We had some nice conversation and I even had a cat wander up and jump in my lap. That was pretty random and interesting but he was a friendly cat probably owned the bar. It was fast closing in on my bedtime so I asked him if he wanted to walk over and get the mosquito spray I needed for my canoe trip this weekend and he walked me over there. I think mostly to be chivalrous so I wouldn’t walk alone, but it was nice anyway to see that. While we were in the store he said he wanted to buy me something and said that I would love it. We go to the bakery isle and he proceeds to pick up this yummy looking carrot cake. He was so cute because he was so excited about this carrot cake and well no one has ever bought me a carrot cake before. I was laughing inside. He would not allow me to pay for my bug spray either, which was sweet but not what I wanted since this wasn’t a date or anything. I just let it go and thanked him and let that be ok. No one has ever bought me bug spray and carrot cake all in one night either. I know there is a country song there in the making.

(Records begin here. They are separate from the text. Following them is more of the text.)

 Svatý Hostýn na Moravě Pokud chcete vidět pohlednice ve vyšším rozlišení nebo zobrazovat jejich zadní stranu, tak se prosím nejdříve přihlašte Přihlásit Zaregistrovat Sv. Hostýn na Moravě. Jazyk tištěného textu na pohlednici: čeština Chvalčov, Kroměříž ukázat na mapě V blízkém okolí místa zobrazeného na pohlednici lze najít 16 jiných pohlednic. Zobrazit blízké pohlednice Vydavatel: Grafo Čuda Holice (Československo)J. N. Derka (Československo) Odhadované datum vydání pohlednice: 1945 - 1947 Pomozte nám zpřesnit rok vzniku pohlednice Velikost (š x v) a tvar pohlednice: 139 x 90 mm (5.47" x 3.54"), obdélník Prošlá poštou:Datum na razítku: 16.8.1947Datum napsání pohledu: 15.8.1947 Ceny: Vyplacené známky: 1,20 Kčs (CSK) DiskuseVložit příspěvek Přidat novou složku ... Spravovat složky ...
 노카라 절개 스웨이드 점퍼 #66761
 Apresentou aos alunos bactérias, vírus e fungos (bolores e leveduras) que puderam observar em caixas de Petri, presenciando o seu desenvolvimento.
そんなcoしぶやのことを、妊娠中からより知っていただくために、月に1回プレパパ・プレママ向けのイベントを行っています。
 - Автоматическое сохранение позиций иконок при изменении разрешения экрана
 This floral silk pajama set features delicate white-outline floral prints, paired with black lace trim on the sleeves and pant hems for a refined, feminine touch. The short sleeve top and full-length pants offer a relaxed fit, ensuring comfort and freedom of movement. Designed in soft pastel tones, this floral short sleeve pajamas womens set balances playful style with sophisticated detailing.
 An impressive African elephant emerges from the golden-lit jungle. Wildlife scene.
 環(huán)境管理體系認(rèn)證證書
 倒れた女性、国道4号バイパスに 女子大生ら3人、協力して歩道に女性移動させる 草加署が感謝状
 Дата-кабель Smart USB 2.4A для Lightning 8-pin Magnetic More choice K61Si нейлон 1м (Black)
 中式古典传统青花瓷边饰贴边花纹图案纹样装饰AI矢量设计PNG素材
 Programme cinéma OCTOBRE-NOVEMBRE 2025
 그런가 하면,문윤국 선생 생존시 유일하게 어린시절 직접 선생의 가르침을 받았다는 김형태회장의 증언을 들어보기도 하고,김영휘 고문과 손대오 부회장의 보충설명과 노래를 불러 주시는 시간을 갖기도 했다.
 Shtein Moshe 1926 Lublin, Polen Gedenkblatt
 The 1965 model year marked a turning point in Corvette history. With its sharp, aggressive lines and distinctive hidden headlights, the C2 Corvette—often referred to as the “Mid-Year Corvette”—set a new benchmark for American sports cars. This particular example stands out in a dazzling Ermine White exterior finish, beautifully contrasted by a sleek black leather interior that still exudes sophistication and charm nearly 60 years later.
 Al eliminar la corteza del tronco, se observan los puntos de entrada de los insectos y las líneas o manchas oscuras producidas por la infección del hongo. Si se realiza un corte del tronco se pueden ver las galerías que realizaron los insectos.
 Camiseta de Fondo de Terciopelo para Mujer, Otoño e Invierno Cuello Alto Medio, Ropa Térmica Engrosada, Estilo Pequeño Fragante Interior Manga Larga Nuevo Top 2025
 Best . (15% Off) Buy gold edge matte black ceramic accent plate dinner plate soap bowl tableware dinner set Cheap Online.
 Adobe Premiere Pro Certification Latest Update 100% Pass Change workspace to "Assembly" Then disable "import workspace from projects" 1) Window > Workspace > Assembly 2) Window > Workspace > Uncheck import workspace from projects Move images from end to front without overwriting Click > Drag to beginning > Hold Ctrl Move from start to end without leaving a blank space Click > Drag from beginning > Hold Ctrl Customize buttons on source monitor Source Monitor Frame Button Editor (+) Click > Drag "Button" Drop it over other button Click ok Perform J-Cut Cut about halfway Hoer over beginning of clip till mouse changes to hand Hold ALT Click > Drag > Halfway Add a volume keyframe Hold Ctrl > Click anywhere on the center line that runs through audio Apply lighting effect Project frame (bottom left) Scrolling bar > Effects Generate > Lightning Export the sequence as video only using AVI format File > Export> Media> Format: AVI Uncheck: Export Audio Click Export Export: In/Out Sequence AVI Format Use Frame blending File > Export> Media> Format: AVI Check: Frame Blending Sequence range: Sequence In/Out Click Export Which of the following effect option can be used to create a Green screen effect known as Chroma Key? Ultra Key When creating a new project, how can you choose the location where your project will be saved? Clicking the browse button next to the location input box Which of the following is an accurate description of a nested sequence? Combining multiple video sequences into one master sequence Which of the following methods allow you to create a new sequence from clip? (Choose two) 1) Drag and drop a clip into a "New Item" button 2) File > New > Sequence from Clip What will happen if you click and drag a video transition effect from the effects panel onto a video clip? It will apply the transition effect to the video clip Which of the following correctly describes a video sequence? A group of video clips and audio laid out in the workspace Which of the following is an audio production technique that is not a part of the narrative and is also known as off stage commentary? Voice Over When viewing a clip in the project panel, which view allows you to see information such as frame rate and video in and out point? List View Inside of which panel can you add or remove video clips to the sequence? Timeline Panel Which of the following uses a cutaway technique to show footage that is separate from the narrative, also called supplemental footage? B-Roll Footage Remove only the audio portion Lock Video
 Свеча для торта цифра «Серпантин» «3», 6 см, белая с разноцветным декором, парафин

We parted ways, I was no longer the nervous wreck, still nervous but the wreck part was over. I jumped the shark and I am on my way to another wave of healing and living. I got the best advice from my daughter “take it very very slow, mom” I believe she is right, but I took another step (stumble) forward and here I go again. We are talking on the phone a lot and I was just pleased he wanted to talk to me again much less ask me to go somewhere with him this weekend since I seemed like such a bumbling idot to myself. I guess we can keep each other company. That pretty much is what I was going for, right? To get to know people and keep busy.
Gotta run, I have carrot cake calling to me and a canoe trip in the morning. Life is moving ahead again and once again I find myself seasonably connected to my healing process. Spring brings new life and as scary as that prospect is, I am pretty daring right now. I may get up in that airplane sooner than later. Life is short and my bucket list is too long. I have to start checking things off.